Шрифт:
Интервал:
Закладка:
Здесь же, у перевала, среди хрупкого белого безмолвия безраздельно властвовала смерть. О себе она напоминала уродливыми язвами воронок от разрывов мин и снарядов, серыми рубцами окопов и ходов сообщений, ржавой паутиной колючей проволоки. На ней мучительно изгибались бездыханные тела русских и немецких солдат. Они словно рвались вперед с этого убийственного рубежа, чтобы завершить последнюю атаку.

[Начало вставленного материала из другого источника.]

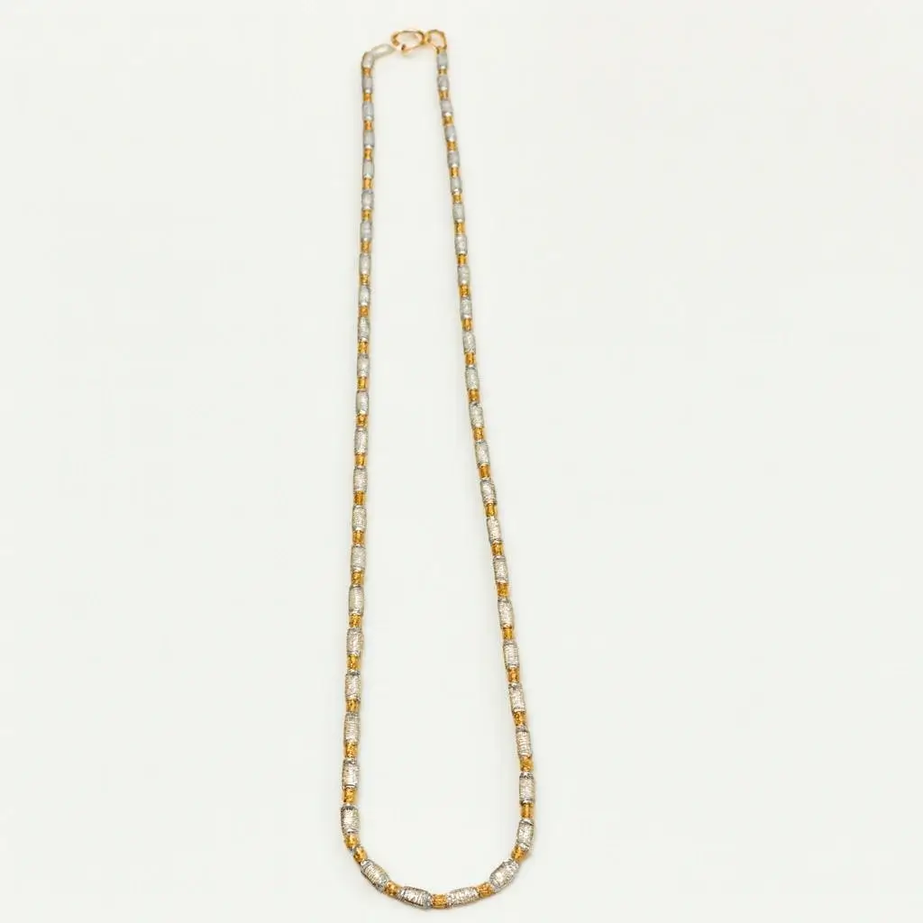 A two-tone cylinder bead mala chain featuring gold and silver finishes, designed as a versatile daily-wear necklace with subtle elegance.

На крохотном пятачке у подножья перевала в последнюю неделю в яростной рукопашной схватке дважды сходились горные стрелки из батальонов «Эдельвейс» и бойцы дивизии особого назначения НКВД. Последний бой произошел накануне, после него на передовой ненадолго воцарилась непривычная тишина. Окопы будто вымерли, и только в глубине тыловых порядков из-под деревьев пробивались еле заметные сиреневые дымы походных кухонь, а на ветру слабо потрескивало болтавшееся на веревках замерзшее нательное белье. Лишь изредка зловещее безмолвие нарушал звук одиночного выстрела снайпера, и раскатистое эхо вновь безжалостно напоминало о затаившейся среди равнодушных скал смерти.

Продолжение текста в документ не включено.